How am I supposed to proceed joyfully? I have no model in front of me. Nothing that I can admire. I have a vague idea of grey shadowy 5th dimensional beings. But I don't know how they speak or walk or laugh, or how they would live on Earth at this time?

How can you live here and be clean?

If I try to be clean of their madness, I feel the aloneness. If I try to coexist, I get vehemently angry.

Ignorance is not fault.

Even the dog is their anger and fear. Their noise.

I want to be away from their noise!

And then the silence will swallow us up again....

Friday, January 4, 2008

Why don't I feel good enough for interesting people

Why do I feel less than, why do I shirk and shy away from those I want to luxuriate in. It seems like they speak a different language. A language of confidence. And in this new land of understanding, one might assume that I have all the confidence in the world. But I still lack the confidence of creation. To know what I like, what I want to put in my mouth and out upon the paper, that is more than rebuke and sadness. To create a joy, an improvisation, a long note sucked in and handed out with my eyes,.

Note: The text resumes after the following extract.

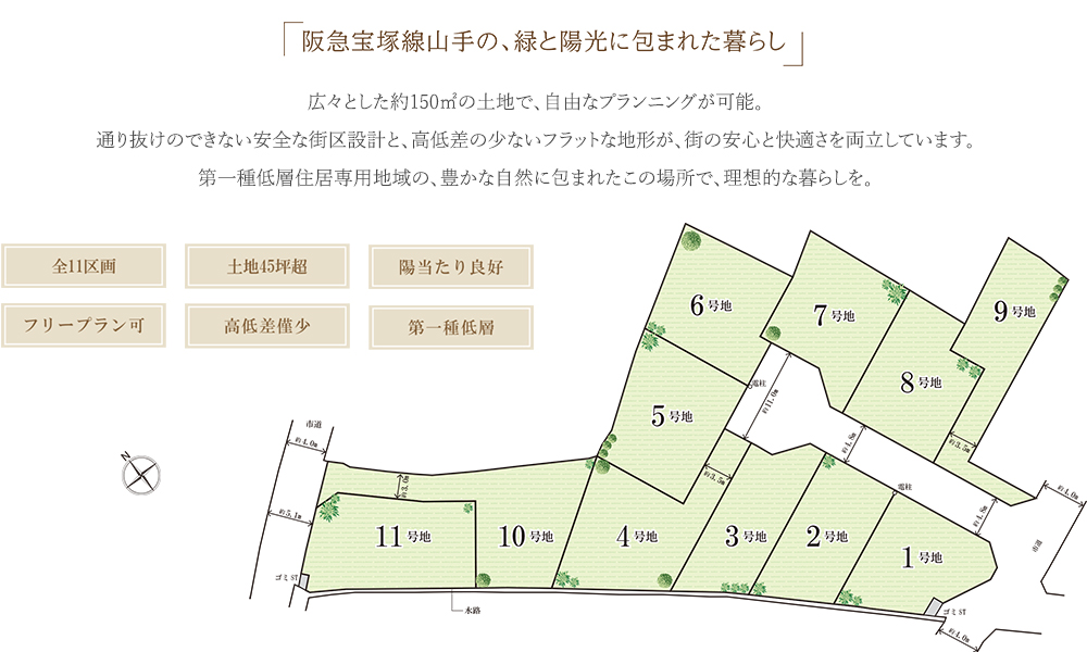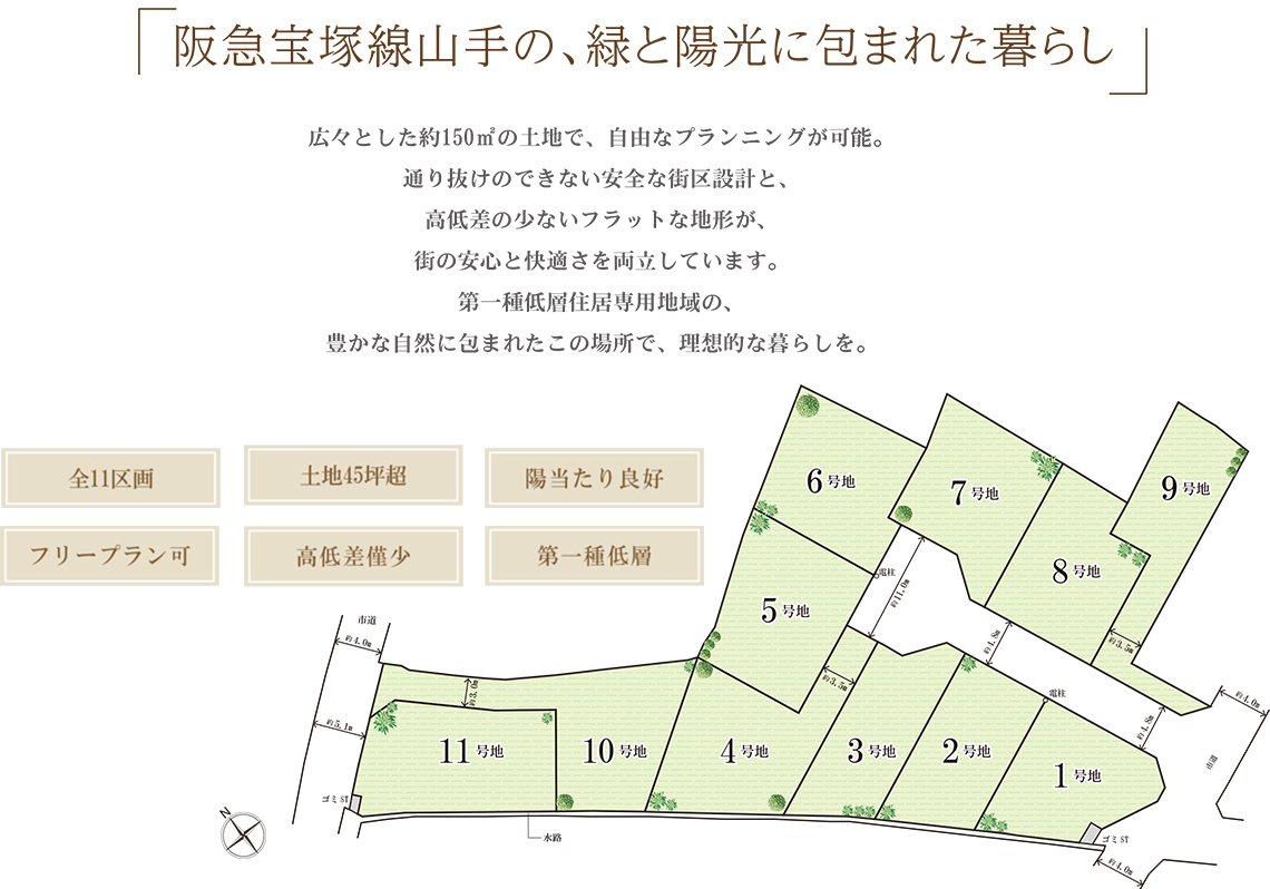 - 全区画150m2以上・ZEH水準住宅!総11区画の新しい街が誕生。

I know I have it in me. I could build rainbows. But my mind is blocked. And every once in a while, I seduce it into confidence, into a color, and that green and yellow splotch frames the jokes and the accent I make.

But if I don't have a color, I feel like a seed in the ground, hugging the earth.

Disambiguation of "you"

Sometimes when I say you, I really mean you. Other times, I mean myself. I wonder if this distinction is noted by my unconscious mind.

This can be problematic when I spat in a temper, "I hate you!" Now, I could be talking about my exboyfriend, and his lack of emotional awareness and putrid absence of magnanimous behavior.

But I wonder if my subconscious thinks as it does when I listen to a love song and hears "I am in love with the way you feel" and singles out of all the yous in the world, inevitably myself.

Perhaps I'm not giving the old girl enough credit. Or perhaps, our situational semantics is playing ping pong with my emotional underbelly.

Maybe we are all "you." Each of us is picked out of all of us. So special.